To review how much explanatory power the variables have on numeracy scores or our outcome variable, one should look under R Squared in the top portion of the results. The R-squared value here is 0.27, which means that 27 percent of the variation in the numeracy scores are accounted for by the independent variables in our model.

In the lower portion of the table, one can find the regression coefficients for the variables. This includes the standardised and unstandardised regression coefficients, along with their standard errors. The standardised regression coefficients are standardised against the independent variables’ mean and standard deviation, which is done to allow comparison of the units across the variables. Using the standardised coefficient, one can answer the question of which of the categories have a stronger or weaker relationship with the outcome variable (or numeracy). For example, looking at Unemployed, which has a standardised regression coefficient of −0.07, and comparing that to the standardised coefficient for the age groups (ranging from −0.08 to −0.16), indicates that age has a stronger relationship with the dependent variable, or numeracy, than being unemployed.

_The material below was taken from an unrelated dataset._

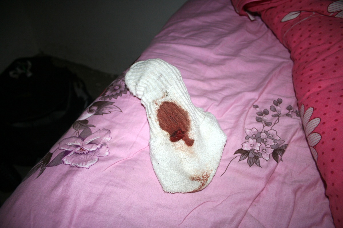 Startled, Kevin looked down and saw blood on his socks but no bite marks. He hadn't fallen either. He was baffled.
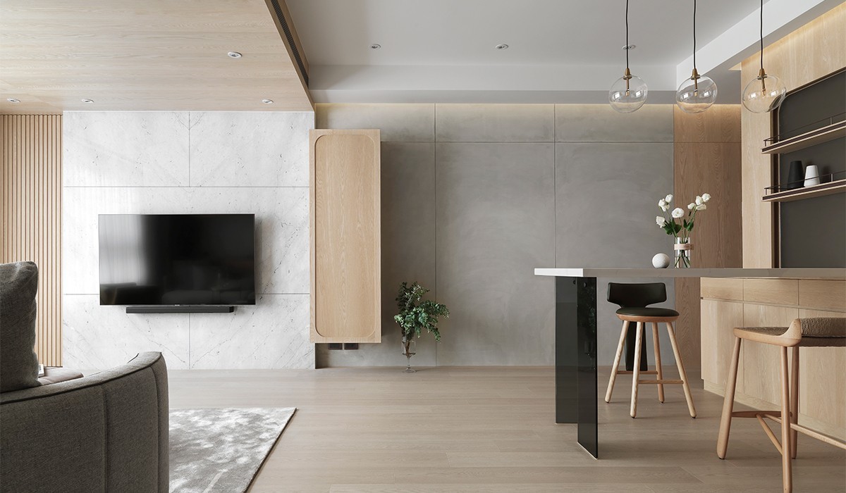 掺揉一抹墨灰稳定视线重心,使身心灵归於平静,在审视格局条件后,隔出一方独立衣帽间,使硬体退出寝室范围,释出一片自在餘裕。

In order to interpret the results within each of the variables, look at the unstandardised regression coefficients, labelled here as just regression coefficients. So, for example, the unstandardised regression coefficient for Unemployed is −17, meaning that those who are unemployed scored 17 points lower in numeracy than those who were employed, holding other explanatory variables included here constant. Moving to the right of the table, the t-statistic is −7, and the probability is 0, which is less than the significance threshold of probability less than 0.05. This means that the independent variable, being employed, is significantly associated with changes in the dependent variable, numeracy score. This statistical significance is also marked in the significance column, with a less-than (<) symbol. So, controlling for the two other explanatory variables (age and education level) in our regression, numeracy scores for those who are unemployed are lower than for those who are employed.

5.6 Summary

PIAAC is a complex large-scale study with the major components of a direct assessment of three domains and an extensive background questionnaire. The IDE is a user-friendly online tool that allows users to conduct different types of analyses, from basic statistical analyses to some more advanced analyses, such as regression and gap analysis, using PIAAC data; it is available in two different versions through the OECD and NCES in the United States. The IDE contains data on the PIAAC direct assessment and background questionnaire from jurisdictions that participated in PIAAC, as well as trend data from previous large-scale assessments that were rescaled to PIAAC. It can be used to conduct analyses of averages, percentages (including proficiency level distributions), standard deviations, and percentiles,and to produce significance testing, gap analysis, and regression analysis (depending on the version). Analysis in the IDE follows the basic steps organised under the four main tabs: 1. Select Criteria, 2. Select Variables, 3. Edit Reports, and 4. Build Reports. The example research scenarios provide an overview of these basic steps and how to answer research questions using the IDE.